You don't think it would been on the "Air" and "Live" ?? if someone wanted to break a record by skydiving in the 40s?
Lol...just LOL
Are you still drunk? even considering posting a thread like this??
You are entitled to your "theory" "opinion" or whatever... but this is just silly..
edit on 15-10-2012 by AldrinAlden because: ***
Main article: Project Excelsior
Captain Kittinger was next assigned to the Aerospace Medical Research Laboratories at Wright-Patterson AFB in Dayton, Ohio. For Project Excelsior (meaning "ever upward"), a name given to the project by Colonel Stapp as part of research into high altitude bailouts,[citation needed] he made a series of three extreme altitude parachute jumps from an open gondola carried aloft by large helium balloons. These jumps were made in a "rocking-chair" position, descending on his back, rather than in the usual face-down position familiar to skydivers. This was because he was wearing a 60 lb (27 kg) "kit" on his behind, and his pressure suit naturally formed a sitting shape when it was inflated, a shape appropriate for sitting in an airplane cockpit.[citation needed]

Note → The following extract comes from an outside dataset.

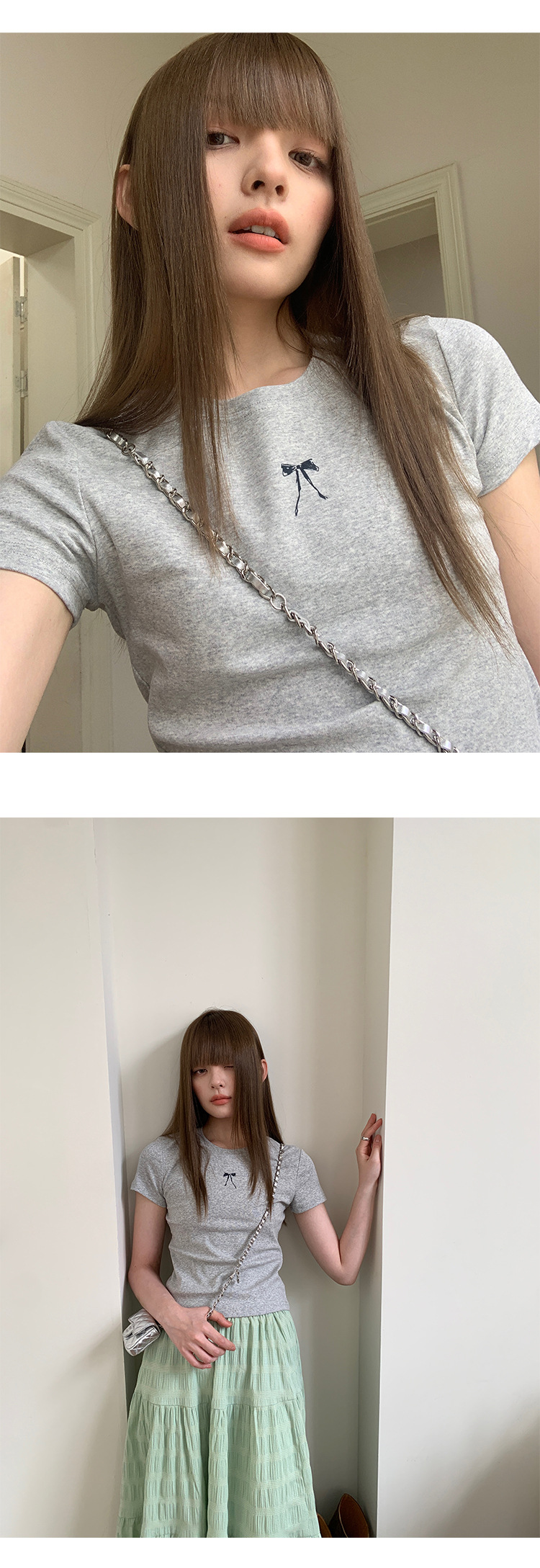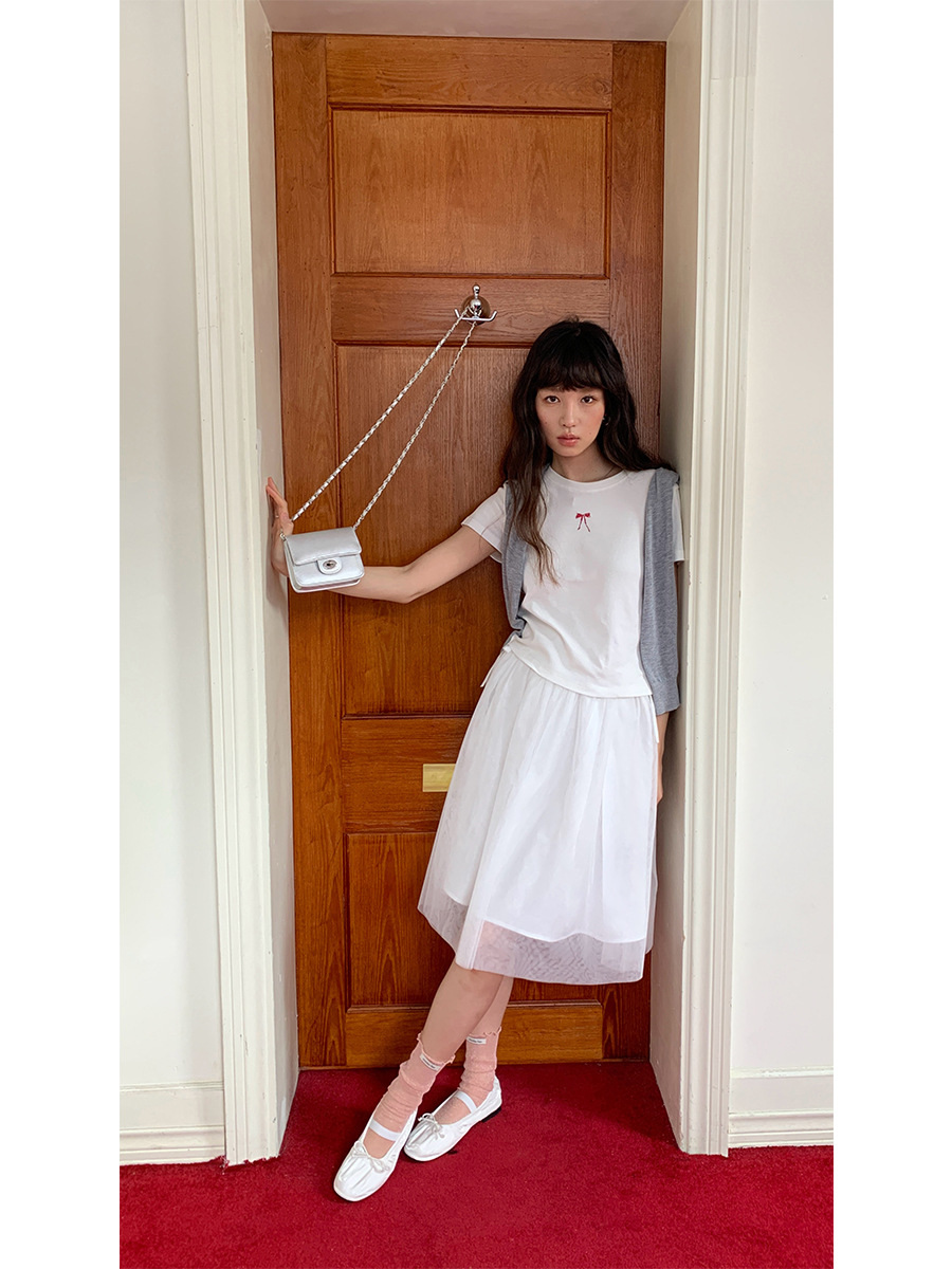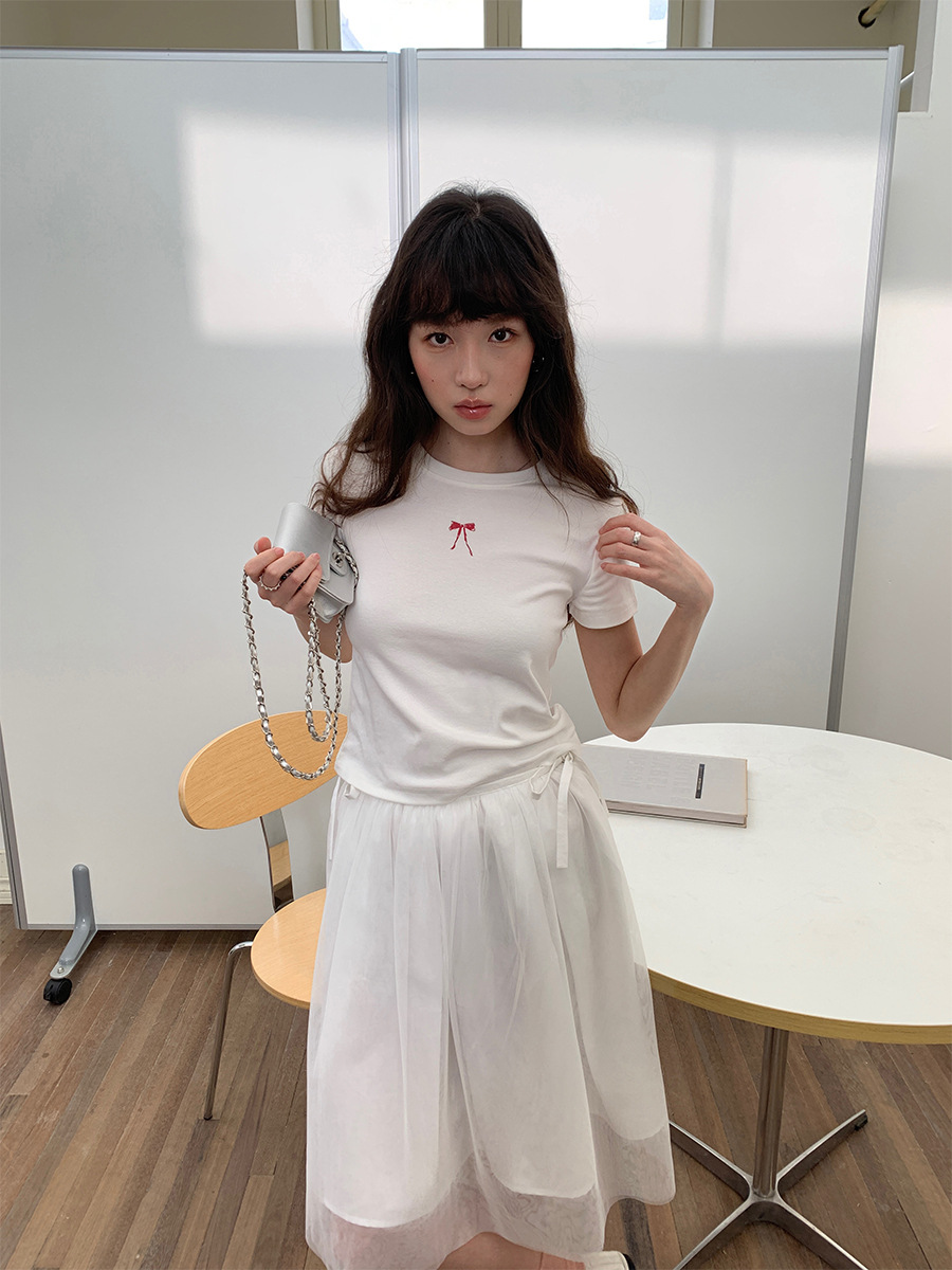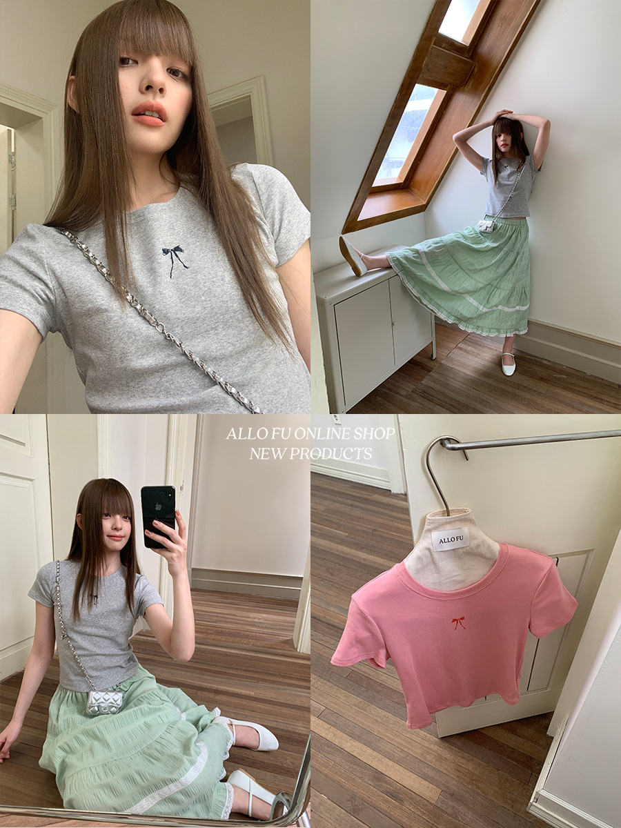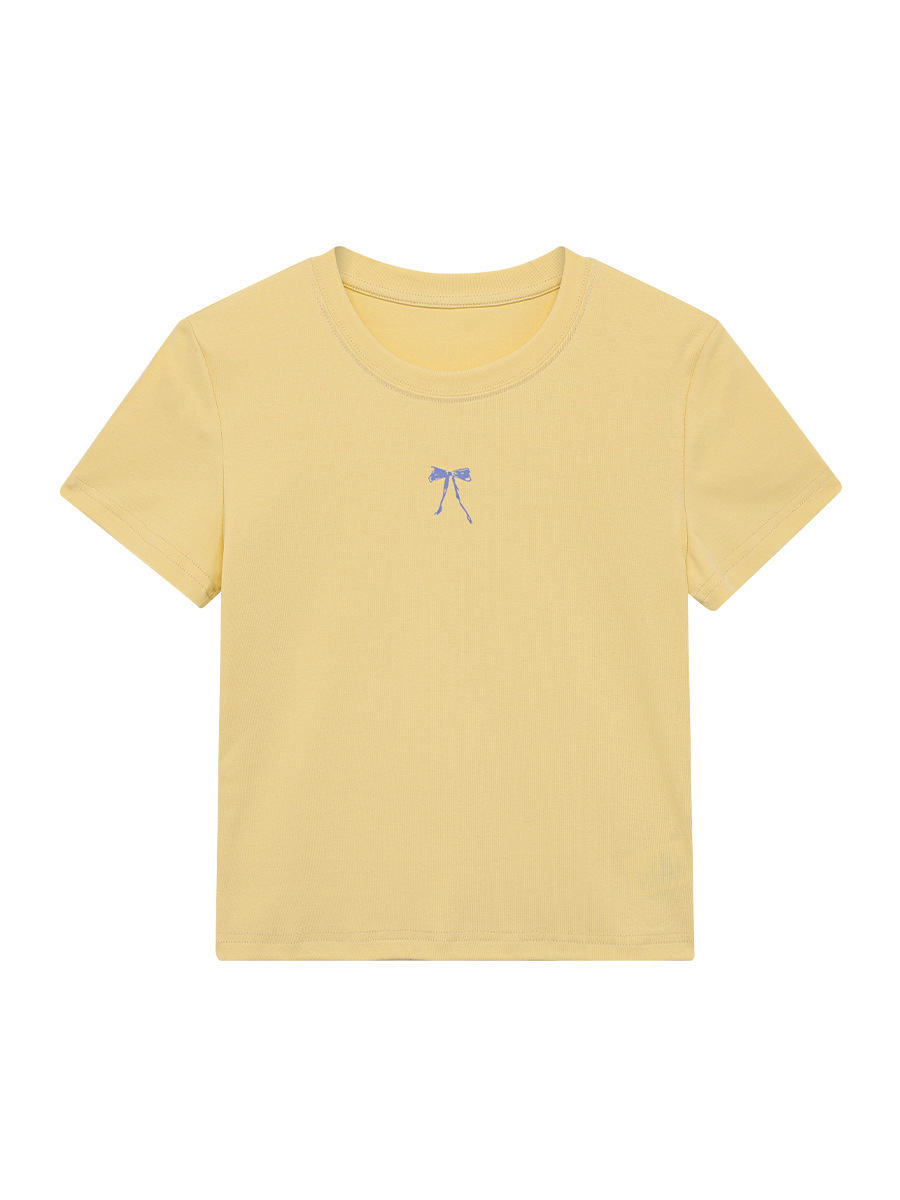 衣夫 蝴蝶结印花T恤女夏季新款正肩显瘦圆领休闲短袖上衣3208

Kittinger's first high-altitude jump, from about 76,400 feet (23,300 m) on November 16, 1959, was a near-disaster when an equipment malfunction caused him to lose consciousness.[2] The automatic parachute opener in his equipment saved his life. He went into a flat spin at a rotational velocity of about 120 rpm. The g-forces at his extremities have been calculated to be over 22 times the force of gravity, setting another record.
Excelsior II : On December 11, 1959, he jumped again from about 74,700 feet (22,800 m). For that leap, Kittinger was awarded the A. Leo Stevens Parachute Medal.